Pardon d’être aussi radicale mais être féministe est un devoir civique. Le jour où les inégalités auront disparu, peut être que je n’aurai plus besoin de croire en la nécessité de défendre la cause des femmes. Autrement non. Ce n’est pas une question de pouvoir, c’est une question d’égalité. Les hommes peuvent être féministes, cette lutte n’est pas contre les hommes, elle peut parfaitement se faire avec leur soutien, elle doit se faire avec leur soutien car il s’agit de défendre quelque chose qui les concerne aussi, le respect, la dignité tout ça tout ça.
Je suis pour la mixité, je ne souhaite pas que les femmes restent entre elles pour pouvoir comploter contre les hommes à loisir, comme s’ils étaient l’unique cause de leur condition, parce que C’EST FAUX. Nombre de femmes contribuent à leur propre avilissement, en ne faisant rien pour se faire respecter, en perpétuant des traditions barbares, en se conformant aux modèles imposés de la culture de masse, et en méprisant tout ce qui pourrait venir bousculer cet ordre établi, cet hypothétique confort.

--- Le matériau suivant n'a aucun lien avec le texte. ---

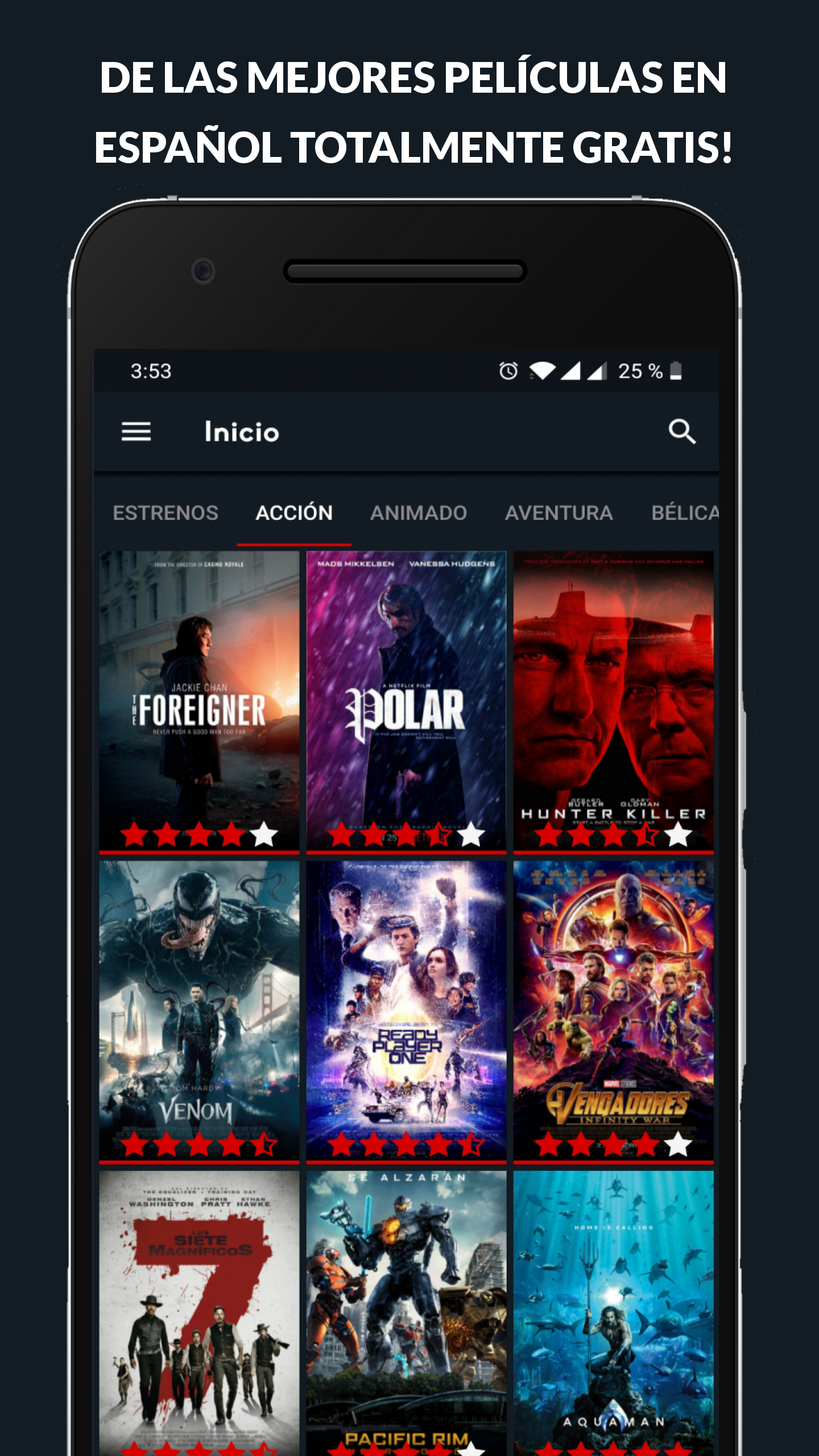 Solo formatos Full HD 1080p, HD 720p, HQ 480p, etc... Ve y disfruta de tus películas favoritas en español y totalmente gratis mientras estas sentado o junto a tus familiares queridos! Características: --> Películas en high-definition (HD) --> Ver Películas en español totalmente gratis --> Descarga el contenido para verlo mas tarde --> Transmite las películas a tu TV utilizando chromecast --> Comparte las películas con tus familiares --> Navega por categorías y elije la que te guste --> Busca cualquier película con el buscador interno de la CinePlay! --> Fácil de usar --> La única App de películas en español que necesitas Categorías: --> Acción --> Animadas --> Aventuras --> Dramas --> Terror --> Comedia --> Ciencia Ficción --> Familia --> Suspenso --> Y muchas otras más Solicita tu acceso y Únete a CinePlay! Disclaimer: CinePlay! rechaza totalmente cualquier intento de violación de derechos de autor, así como también protege y respalda los derechos de los propietarios y cualquier otra legalidad a los que se vean inmersos. Esta app brinda fácil acceso a la información y contenido de los vídeos mediante el uso de “Inserción de Vídeos” que claramente no se encuentra tipificado como una infracción a los derechos de autor, esto según sentencias del Séptimo Tribunal de Apelaciones. CinePlay! no sube ni almacena en su app o servidor, cualquier archivo de película, vídeos, archivo multimedia en ninguno de sus tipos (avi, mov, flv, mpg, mpeg, divx, mp3, mp4, mkv, torrent, iPod, PSP) o cualquier otro tipo de material que se encuentre protegidos por derechos de autor. DALE PLAY A TU CINE!

Parce que c’est exactement l’idée que l’on peut se faire du féminisme, une réunion de bonnes femmes, du sectarisme, un isme en plus, c‘est pour cette raison que je ne souscris à aucun groupe, aucun parti, exception faite du mien.
Les groupes ça me débecte, d’une manière ou d’une autre, je déteste l’effet de meute qui poussent les gens à se conduire de manière excessive et déraisonnée avec pour seul argument « On est plusieurs ». Le nombre justifie toujours des actions injustes, des débordements, une hiérarchie, des luttes d’égo…
Un exemple de féministes que je cautionne pas.
Brûler 10 000 euros pour protester contre les inégalités salariales hommes/femmes, confirme que les femmes ne sont pas supérieures aux hommes, que pour leurs intérêts elle sont prêtes à tout, commes les hommes. La voilà l’égalité. Connasses!